When building a Data Science based product, many unexpected (complex) challenges can arise from the mix of real clients’ needs and computational constraints. At Tinyclues, we develop a platform to choose the best-targeting audience following a client’s marketing needs.

Those needs can be formulated as an offer that a client wants to promote and can vary significantly depending on the concrete use case.

Having flexibility in offer creation across a large number of clients implies important technical constraints.
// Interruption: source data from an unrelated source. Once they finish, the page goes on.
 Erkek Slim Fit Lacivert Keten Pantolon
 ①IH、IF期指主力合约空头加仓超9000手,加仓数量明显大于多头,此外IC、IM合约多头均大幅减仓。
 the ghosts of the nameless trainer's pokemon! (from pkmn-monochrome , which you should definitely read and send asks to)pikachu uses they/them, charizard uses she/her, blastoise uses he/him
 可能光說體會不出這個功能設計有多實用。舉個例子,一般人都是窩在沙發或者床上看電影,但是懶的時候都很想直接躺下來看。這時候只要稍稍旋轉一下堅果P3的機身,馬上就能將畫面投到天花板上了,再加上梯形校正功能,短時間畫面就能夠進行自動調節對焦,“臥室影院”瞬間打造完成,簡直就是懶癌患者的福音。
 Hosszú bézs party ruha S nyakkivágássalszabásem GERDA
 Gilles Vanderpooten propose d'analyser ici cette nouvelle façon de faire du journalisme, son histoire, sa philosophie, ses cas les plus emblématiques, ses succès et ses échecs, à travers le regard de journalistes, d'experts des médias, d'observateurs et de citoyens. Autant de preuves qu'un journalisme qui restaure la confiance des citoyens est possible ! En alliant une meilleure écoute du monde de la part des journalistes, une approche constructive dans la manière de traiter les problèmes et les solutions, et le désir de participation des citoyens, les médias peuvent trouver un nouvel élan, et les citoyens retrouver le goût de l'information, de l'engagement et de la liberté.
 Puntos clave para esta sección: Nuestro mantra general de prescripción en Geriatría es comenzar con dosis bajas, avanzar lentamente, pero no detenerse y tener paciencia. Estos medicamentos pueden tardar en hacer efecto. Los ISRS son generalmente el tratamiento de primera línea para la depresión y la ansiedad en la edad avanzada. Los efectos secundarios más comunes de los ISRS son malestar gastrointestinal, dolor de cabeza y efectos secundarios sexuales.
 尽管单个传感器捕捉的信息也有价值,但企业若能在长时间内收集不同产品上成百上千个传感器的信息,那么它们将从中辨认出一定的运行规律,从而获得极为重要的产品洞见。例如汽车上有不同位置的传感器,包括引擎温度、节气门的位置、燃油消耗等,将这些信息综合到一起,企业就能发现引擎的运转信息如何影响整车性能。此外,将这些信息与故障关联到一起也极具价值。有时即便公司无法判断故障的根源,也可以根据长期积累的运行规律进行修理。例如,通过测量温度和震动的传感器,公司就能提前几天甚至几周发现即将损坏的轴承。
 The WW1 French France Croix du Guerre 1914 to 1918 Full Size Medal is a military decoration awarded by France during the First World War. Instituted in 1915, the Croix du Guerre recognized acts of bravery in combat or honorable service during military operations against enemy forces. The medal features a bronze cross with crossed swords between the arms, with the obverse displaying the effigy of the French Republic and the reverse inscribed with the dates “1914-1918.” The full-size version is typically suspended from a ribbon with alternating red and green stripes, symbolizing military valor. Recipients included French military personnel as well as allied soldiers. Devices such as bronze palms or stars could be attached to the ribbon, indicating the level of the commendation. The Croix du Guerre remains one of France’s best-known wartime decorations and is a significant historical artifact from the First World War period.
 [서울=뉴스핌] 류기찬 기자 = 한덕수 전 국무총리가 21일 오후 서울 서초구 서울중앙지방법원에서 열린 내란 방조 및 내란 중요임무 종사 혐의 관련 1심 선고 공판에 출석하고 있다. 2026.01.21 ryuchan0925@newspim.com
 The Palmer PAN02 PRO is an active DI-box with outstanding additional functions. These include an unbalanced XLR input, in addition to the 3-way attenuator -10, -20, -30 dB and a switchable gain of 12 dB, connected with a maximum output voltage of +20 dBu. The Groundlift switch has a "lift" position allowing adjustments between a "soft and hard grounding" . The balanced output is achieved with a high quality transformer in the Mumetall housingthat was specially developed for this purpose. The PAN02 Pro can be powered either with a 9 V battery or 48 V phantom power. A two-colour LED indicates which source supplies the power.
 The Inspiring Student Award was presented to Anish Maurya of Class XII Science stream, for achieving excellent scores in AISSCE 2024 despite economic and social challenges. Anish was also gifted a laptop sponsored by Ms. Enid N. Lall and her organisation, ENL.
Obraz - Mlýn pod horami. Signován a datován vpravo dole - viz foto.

For example:

  • Clients should receive close-to-real-time results, even for complex offers (more about inference time optimization in Medium article)
  • Clients should be able to use our solution even for niche products with few existing data points (more on the cold-start challenge in Medium article)
  • Client setups can vary significantly from each other in their data infrastructure and availability, so we need to have a generic framework with as little setup and parameters as possible (more about multi-tenant setups in Medium article)

Additionally, we want to give our clients full freedom in defining offers.

For a retailer, an offer might be a specific SKU, brand, or custom collection (summer sale), whereas, for an airline, it might be a destination city or holiday period.

The following article will explore the complexity of the latter point, that is, how to predict audiences for various levels of granularity.

More specifically, we want to use an ML model to predict the propensity of a user to buy a certain offer:

Such formulation can be seen as a “transposed” Recommender System problem, that is, whereas a typical recommender system would return products for users, we want to predict users for a given offer — but what exactly constitutes an offer?

What is an offer?

In general, an offer is nothing but an SQL filter over a transaction table, which is defined by a client on the platform at the moment of campaign creation.

Imagine that Client A, a classic retailer, has sent us a table with purchase transactions with following columns:

Here, product_id is a unique identifier different for different sizes of the same product model and products can generally be grouped by brand or category.

Client A could thus define offers such as:

brand = "Adidas" OR brand = "Nike"
brand = "Adidas" OR category = "T-shirts"
brand = "Adidas" AND category = "T-shirts"
model = "Nike casual T-Shirt model 1" OR model = "Adidas sneakers model 2"

Visualizing this gives us a glimpse into the problem:

We quickly notice that there are virtually endless ways to choose an offer, and we cannot know beforehand which ones the clients will choose.

Now consider Client B, a travel company, that has sent us a table with purchase transactions but with completely different columns:

Note that there is no unique identifier for this case. We could create one artificially by combining all attributes together, but it would end up with a unique value for most transactions. Client B’s offers might include:

destination_city = "New York" AND fare_class = "business"
(origin_country = "France" AND destination_country = "USA") OR (origin_country = "Belgium" AND destination_country = "USA")
MONTH(travel_date) = "July" OR MONTH(travel_date) = "August"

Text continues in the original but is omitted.